Beyond clinical data mining: data integration and electronic phenotyping for research cohort identification

by John Holmes (University of Pennsylvania)

16:00 (60 min) in Daysh G.07

The availability of ever-increasing amounts of highly heterogeneous clinical data poses both opportunities and challenges for the data scientist and clinical researcher. Electronic medical records are more prevalent than ever, and now we see that other data sources contribute greatly to the clinical research enterprise. These sources provide genetic, image, and environmental data, just to name three. The opportunity for enhanced clinical research is manifest in this expanding data and information ecosystem. Taken together, these data are syntactically and semantically heterogeneous on a scale that is still not fully appreciated, nor is their integration fully realized. This is because few tools currently exist to harmonize these data in a way that captures and preserves the concepts they contain and makes them usable by clinicians and researchers. For the most part, these tools focus on manually-created ontologies that require substantial skill and effort to create, and even then, they tend to be specialized to one domain or another.

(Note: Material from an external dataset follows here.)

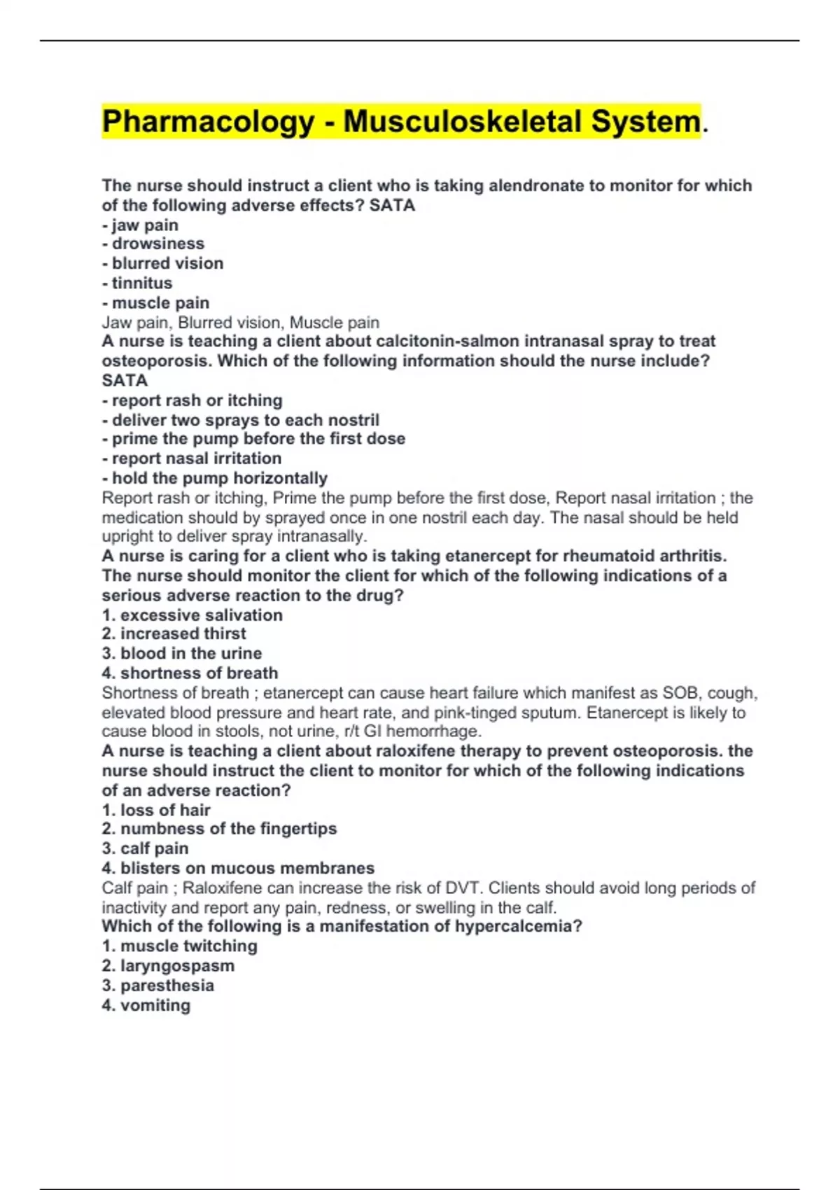 Pharmacology - Musculoskeletal System. The nurse should instruct a client who is taking alendronate to monitor for which of the following adverse effects? SATA - jaw pain - drowsiness - blurred vision - tinnitus - muscle pain Jaw pain, Blurred vision, Muscle pain A nurse is teaching a client about calcitonin-salmon intranasal spray to treat osteoporosis. Which of the following information should the nurse include? SATA - report rash or itching - deliver two sprays to each nostril - prime the pump before the first dose - report nasal irritation - hold the pump horizontally Report rash or itching, Prime the pump before the first dose, Report nasal irritation ; the medication should by sprayed once in one nostril each day. The nasal should be held upright to deliver spray intranasally. A nurse is caring for a client who is taking etanercept for rheumatoid arthritis. The nurse should monitor the client for which of the following indications of a serious adverse reaction to the drug? 1. excessive salivation 2. increased thirst 3. blood in the urine 4. shortness of breath Shortness of breath ; etanercept can cause heart failure which manifest as SOB, cough, elevated blood pressure and heart rate, and pink-tinged sputum. Etanercept is likely to cause blood in stools, not urine, r/t GI hemorrhage. A nurse is teaching a client about raloxifene therapy to prevent osteoporosis. the nurse should instruct the client to monitor for which of the following indications of an adverse reaction? 1. loss of hair 2. numbness of the fingertips 3. calf pain 4. blisters on mucous membranes Calf pain ; Raloxifene can increase the risk of DVT. Clients should avoid long periods of inactivity and report any pain, redness, or swelling in the calf. Which of the following is a manifestation of hypercalcemia? 1. muscle twitching 2. laryngospasm 3. paresthesia 4. vomiting Vomiting ; other manifestations of hypercalcemia include nausea, vomiting, flank pain, lethargy, and deep bone pain. The nurse should explain that alendronate increases bone mass by which of the following actions? 1. decreases activity of osteoclasts 2. increases calcium excretion 3. promotes intestinal absorption of calcium and phosphorus 4. reduces action of osteoblasts Decreas

This presentation will present an approach to ontology creation for data harmonization and integration that is grounded in artificial intelligence methods of concept formation and discovery. We will explore in detail the opportunities and challenges posed to informatics and clinical researchers as they are faced with these seemingly endless sources of data. We will also discuss novel approaches to mining these complex, heterogeneous data for the purpose of constructing cohorts for research.